-- Task material follows --

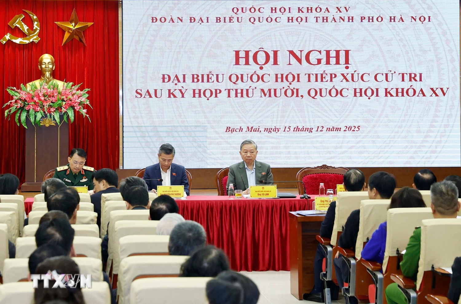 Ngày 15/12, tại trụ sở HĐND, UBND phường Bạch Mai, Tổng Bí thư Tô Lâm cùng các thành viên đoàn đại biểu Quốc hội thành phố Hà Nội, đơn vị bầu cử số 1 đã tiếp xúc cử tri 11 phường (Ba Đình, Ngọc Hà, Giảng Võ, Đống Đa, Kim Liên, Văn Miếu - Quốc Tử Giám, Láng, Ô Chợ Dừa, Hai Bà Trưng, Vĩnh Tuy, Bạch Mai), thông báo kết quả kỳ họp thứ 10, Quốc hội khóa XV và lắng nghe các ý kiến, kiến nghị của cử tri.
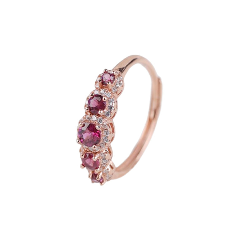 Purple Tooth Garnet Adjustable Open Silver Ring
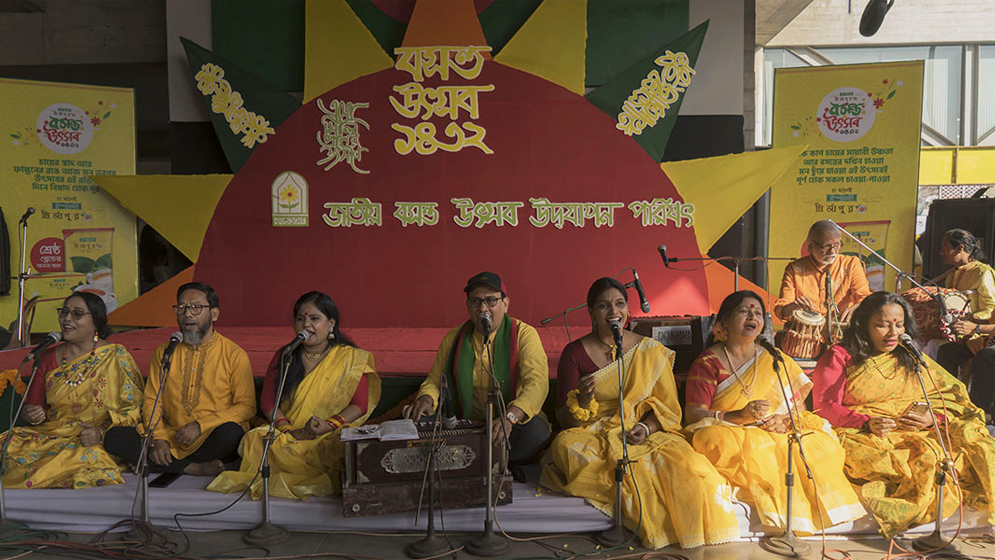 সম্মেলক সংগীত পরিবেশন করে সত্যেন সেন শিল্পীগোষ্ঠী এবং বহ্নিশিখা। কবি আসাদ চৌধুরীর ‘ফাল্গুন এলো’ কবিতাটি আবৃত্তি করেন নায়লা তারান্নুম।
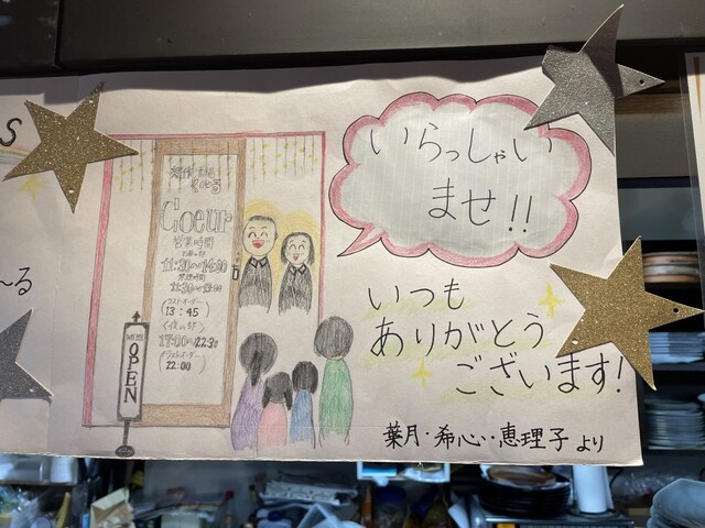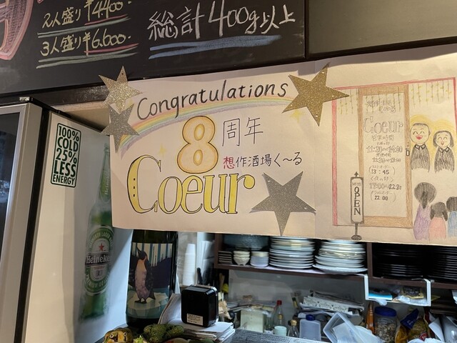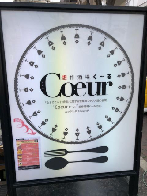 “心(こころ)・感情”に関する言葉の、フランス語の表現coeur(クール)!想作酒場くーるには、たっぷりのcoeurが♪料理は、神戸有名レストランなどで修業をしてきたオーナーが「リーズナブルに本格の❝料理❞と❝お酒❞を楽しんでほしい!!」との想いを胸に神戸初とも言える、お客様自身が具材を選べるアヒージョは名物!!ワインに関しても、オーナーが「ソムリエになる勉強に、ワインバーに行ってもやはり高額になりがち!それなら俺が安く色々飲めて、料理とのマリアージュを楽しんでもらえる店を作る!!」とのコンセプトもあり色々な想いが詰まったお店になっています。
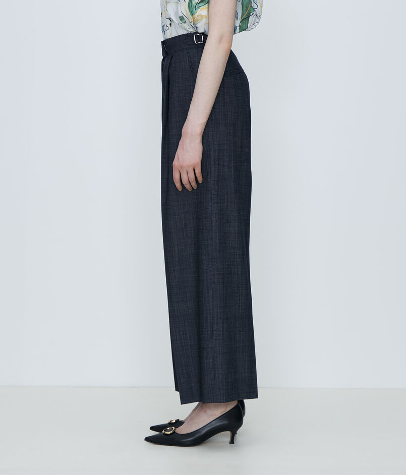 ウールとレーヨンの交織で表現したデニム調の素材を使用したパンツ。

-- Task material concluded --

[What you will do]
Begin the copy at the line containing "সম্মেলক সংগীত পরিবেশন" and end it at the last line of the records; transcribe exactly and exclude pictures.

[Response for this exercise]
 সম্মেলক সংগীত পরিবেশন করে সত্যেন সেন শিল্পীগোষ্ঠী এবং বহ্নিশিখা। কবি আসাদ চৌধুরীর ‘ফাল্গুন এলো’ কবিতাটি আবৃত্তি করেন নায়লা তারান্নুম।
 “心(こころ)・感情”に関する言葉の、フランス語の表現coeur(クール)!想作酒場くーるには、たっぷりのcoeurが♪料理は、神戸有名レストランなどで修業をしてきたオーナーが「リーズナブルに本格の❝料理❞と❝お酒❞を楽しんでほしい!!」との想いを胸に神戸初とも言える、お客様自身が具材を選べるアヒージョは名物!!ワインに関しても、オーナーが「ソムリエになる勉強に、ワインバーに行ってもやはり高額になりがち!それなら俺が安く色々飲めて、料理とのマリアージュを楽しんでもらえる店を作る!!」とのコンセプトもあり色々な想いが詰まったお店になっています。
 ウールとレーヨンの交織で表現したデニム調の素材を使用したパンツ。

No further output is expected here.